The Alaska Democratic Party has joined a fundraising campaign with Hillary Clinton's presidential campaign that facilitates big contributions from deep-pocketed donors, saying it won't "unilaterally disarm" while Democrats pursue campaign finance reforms that could bar such donations.
The campaign — technically known as a "joint fundraising committee" — takes advantage of a 2014 U.S. Supreme Court ruling that eliminated a $123,000 federal cap on the total contributions that individual donors could make to political parties and candidates in a single two-year election cycle.
At the time, Democratic U.S. Sen. Mark Begich was in the middle of his unsuccessful re-election bid against Republicans like Dan Sullivan, who was ultimately elected.
Following the Supreme Court decision, Alaska Democratic Party Chair Mike Wenstrup complained that campaign finance rules allow "super-wealthy individuals to funnel money into races like Alaska's."
"And the latest Supreme Court decision just opens the flood gates to more spending by Dan Sullivan's Outside supporters," Wenstrup said in a prepared statement, referencing Sullivan's Ohio roots.
In a federal filings this month, the Alaska Democrats joined with Clinton's campaign, the Democratic National Committee and 32 other state parties in creating the Hillary Victory Fund.

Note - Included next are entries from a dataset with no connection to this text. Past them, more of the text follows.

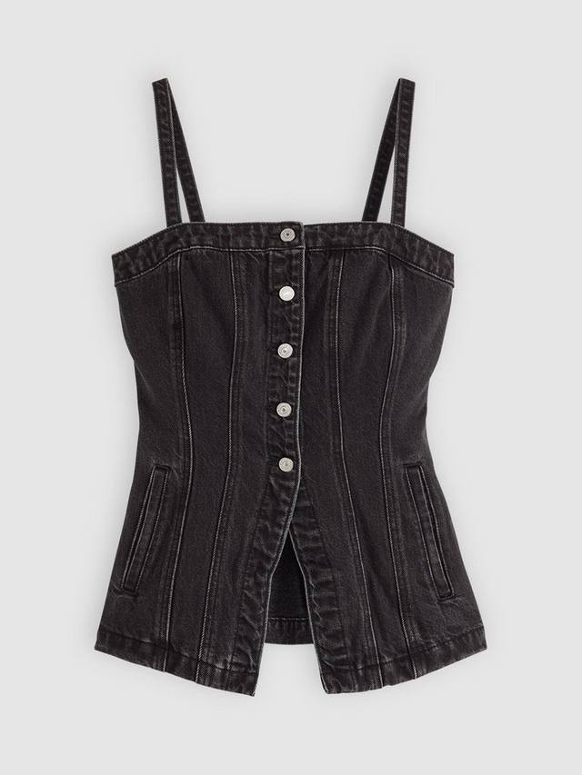 Смелый, подчеркивающий фигуру и в меру смелый. Топ-бюстье скроен по фигуре, имеет мягкий квадратный вырез, застегивается на пуговицы спереди и выгодно подчеркивает фигуру.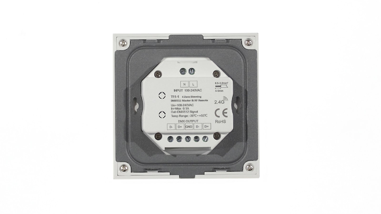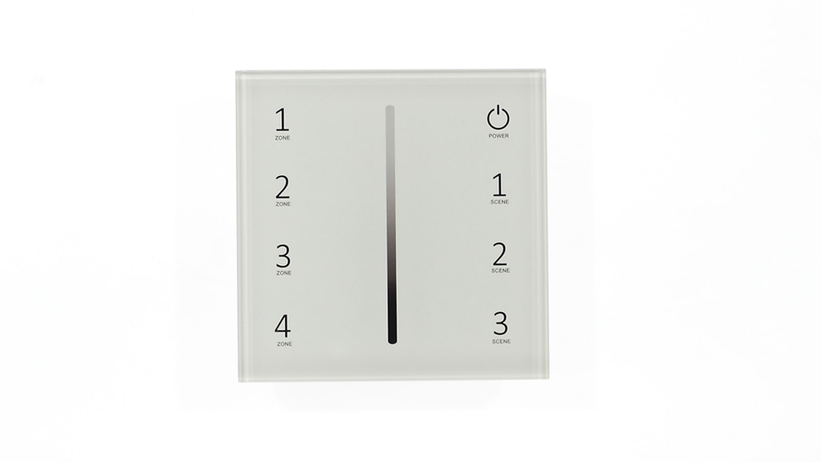 Встраиваемая сенсорная панель DIM белого цвета. Для регулировки уровня яркости одноцветной ленты. Стеклянная лицевая панель. Поддержка до 4-х зон управления. Входное напряжение 100-240V, выходной сигнал DMX512, RF 2.4GHz. Работает со всем оборудованием серии ICLED PRO. Дальность действия управления по радиосигналу до 30м (прямая видимость без препятствий). 256 уровней регулировки яркости от 0 до 100%. Установка в стандартный подрозетник. Рабочая температура от -30 до +55 градусов. Степень защиты IP33. Размер панели 86x86x34мм. Гарантия 5 лет. Размер упаковки 110x110x50мм. Вес 230г.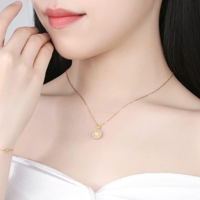 【Unique Design】The crystal clear natural jade is perfectly combined with the necklace, and the round pendant that can rotate 360 degrees means luck comes and happiness every day. Wear it for any occasion.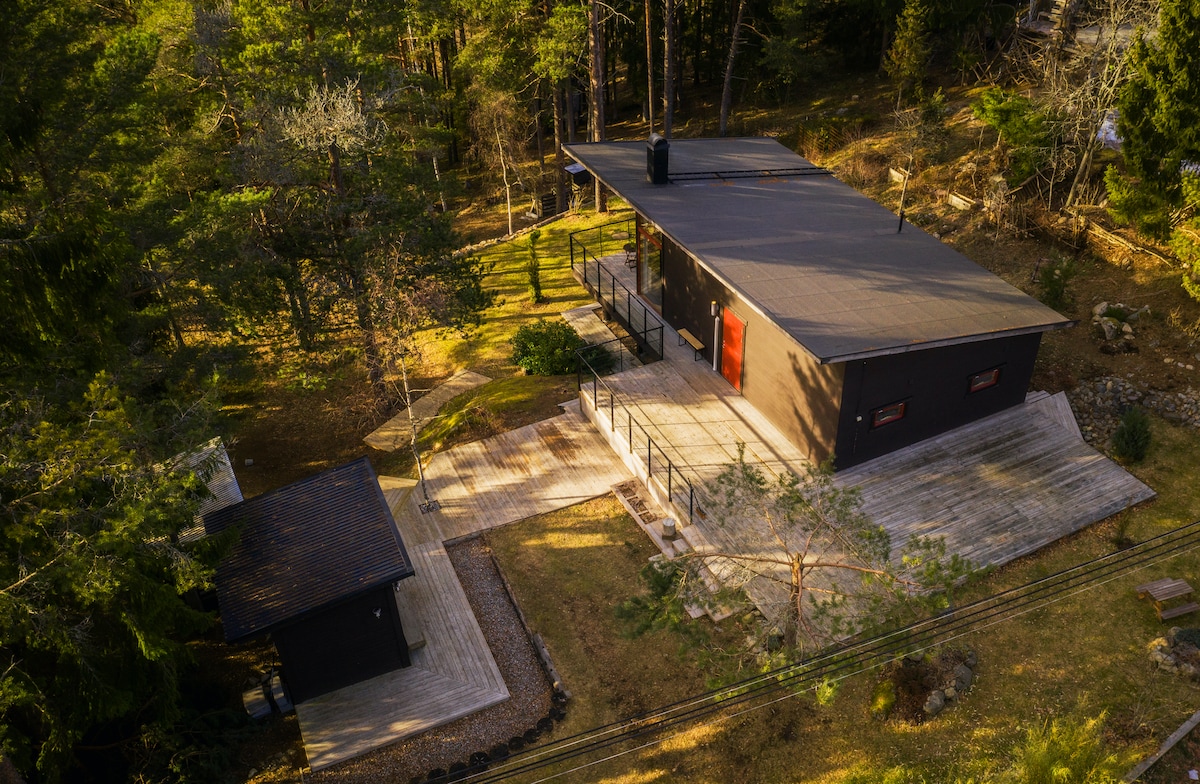 Унікальні помешкання на Airbnb - три каюти, які розбивають будинок у стилі модерн з величезними вікнами та балконом навколо будинку. Чудовий сад у бік лісу. Відчувається, ніби ви сидите в будиночку на дереві, коли стоїте у вітальні. - Сауну орендувати в саду. - 450 метрів до озера. - Підйом на стіну, батут і сленг на задньому дворі. - Чудове підключення до Інтернету. Дві спальні та величезна кухня/вітальня з каміном. Ідеально підходить для 4-5 гостей або сім 'ї, яка любить готувати, грати та плавати.

Individual donors are being asked to donate up to $366,100 to the fund each year — $2,700 of which goes to the Clinton campaign, while the DNC and the state parties get the rest, according to a report in the Washington Post.
In a prepared statement, Wenstrup said the Clinton fund is "an effort to help state parties benefit from the excitement around Democratic presidential candidates, so we can elect Democrats up and down the ticket in 2016 and beyond."

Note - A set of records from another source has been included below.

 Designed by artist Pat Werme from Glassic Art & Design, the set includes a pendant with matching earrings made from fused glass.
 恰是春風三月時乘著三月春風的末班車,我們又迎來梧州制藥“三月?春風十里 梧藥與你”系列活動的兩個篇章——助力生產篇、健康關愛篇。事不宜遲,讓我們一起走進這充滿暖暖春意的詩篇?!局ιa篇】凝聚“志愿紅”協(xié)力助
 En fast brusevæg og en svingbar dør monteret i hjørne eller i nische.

Campaign finance reform, Wenstrup added, requires changes in the membership of the Supreme Court to overturn past rulings that eliminated spending limits.
"We can only do that by electing Democrats up and down the ticket," the Democrats' statement quoted Wenstrup as saying. "We will not unilaterally disarm and hand the election over to the Republicans, who think that corporations are people and want to give corporations and the super-wealthy even more control over our democracy."
Republicans, meanwhile, are similarly pursuing wealthy contributors. The Post's report said one of the Republican National Committee's programs is seeking $1.34 million contributions from couples.